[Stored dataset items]
........

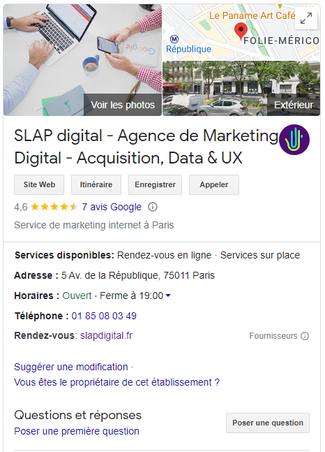 Google My Business est la porte d’entrée au positionnement local. C’est généralement elle qui permet d’afficher les informations de votre entreprise sur les résultats de recherche et elle est également mise en avant lorsqu’une recherche est effectuée sur Google dans une zone géographique donnée.
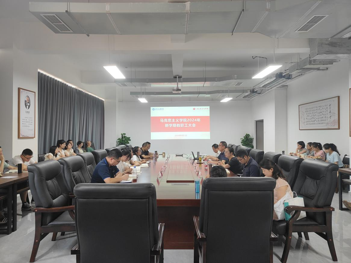 经理孙杰教授回顾了学院暑期的工作情况,并详细梳理了2024年秋季学期六项工作要点。一是以开展思政课课堂教学质量提升行动为契机,持续加强思政课教学改革;二是以科研促学科,以高级别项目推动学科高质量建设;三是以人才促发展,以塔石人才工程推动学院内涵式高质量发展;四是以红色文化育人为牵引,推动学院特色发展;五是以基层治理学院为平台,推动社会服务再上新台阶;六是以党建为引领,推动党建与业务工作深度结合。
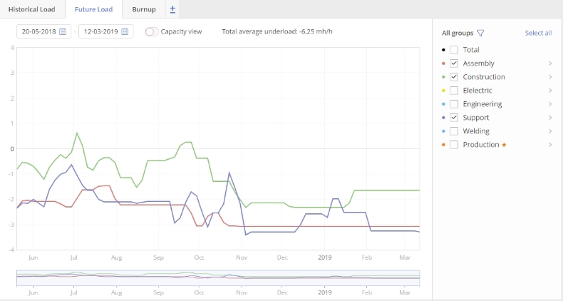- Historical Load Graph shows the changes in resources’ load and capacity over time as well as the amount of work performed.
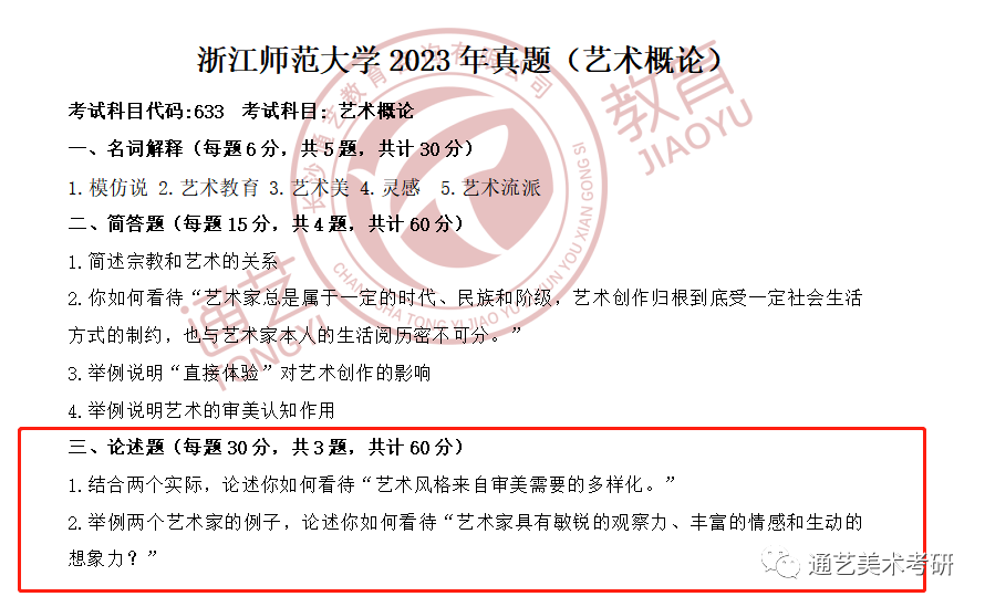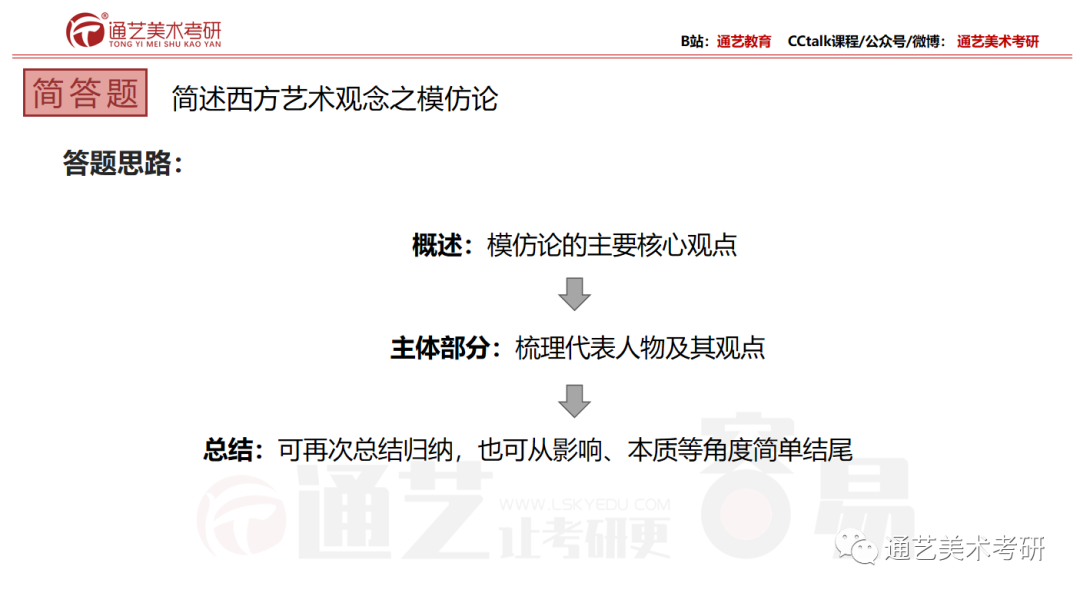 艺术概论和中外美术相比还是稍微有点区别,在论述题的写作上会更加看重逻辑性和例证分析的准确性,具体的写题技巧由于字数的限制无法在此赘述,但网络上和咱们的课程里干货都是非常多的。通艺的《艺术概论》冲刺课便是为论述题量身定做的课程,汇集了大量院校的经典论述题真题,分析范文写作思路、论据分析角度、文章整体结构等等,让大家对于艺术概论的学习再上一个台阶。毕竟咱们考研最终还是为了十二月底的那场考试,不能光学和背,一定要不断写题,写题实际上也是背诵和理解的过程!
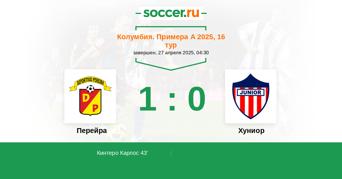 Колумбия. Примера А 21.03.2022 Перейра Логотип футбольный клуб Перейра 1:0 Логотип футбольный клуб Хуниор (Барранкилья) Хуниор
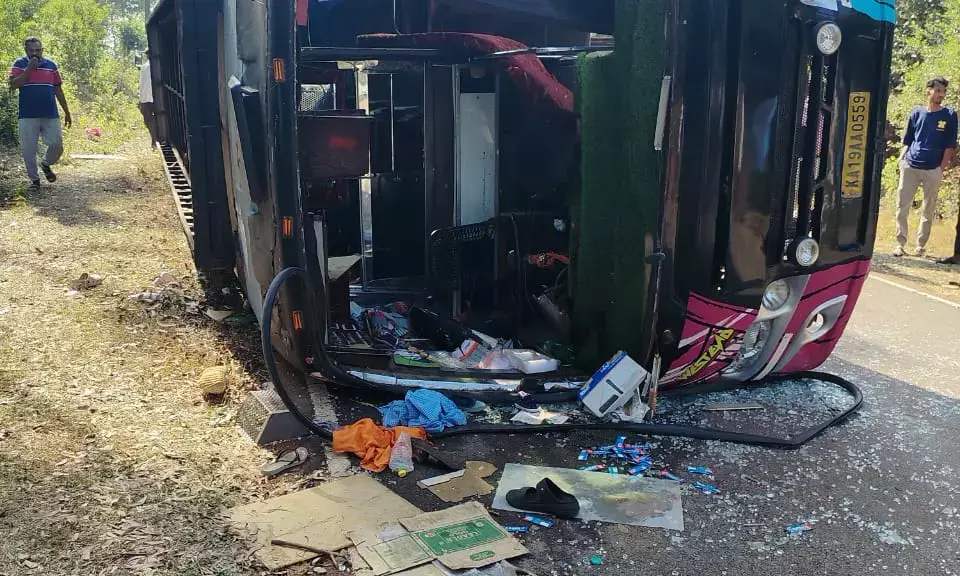 ಸಾಗರ | ಬಿ.ಸಿ.ರೋಡ್ ನಿಂದ ಜೋಗಕ್ಕೆ ಪ್ರವಾಸ ಬಂದಿದ್ದ ಬಸ್ ಪಲ್ಟಿ: 20ಕ್ಕೂ ಅಧಿಕ ಮಂದಿಗೆ ಗಾಯ

........

What this task involves: From the line containing "Колумбия. Примера А" through the last line of the data above, write out every line word for word, and nothing else. Do not include the pictures.

Exercise output:
 Колумбия. Примера А 21.03.2022 Перейра Логотип футбольный клуб Перейра 1:0 Логотип футбольный клуб Хуниор (Барранкилья) Хуниор
 ಸಾಗರ | ಬಿ.ಸಿ.ರೋಡ್ ನಿಂದ ಜೋಗಕ್ಕೆ ಪ್ರವಾಸ ಬಂದಿದ್ದ ಬಸ್ ಪಲ್ಟಿ: 20ಕ್ಕೂ ಅಧಿಕ ಮಂದಿಗೆ ಗಾಯ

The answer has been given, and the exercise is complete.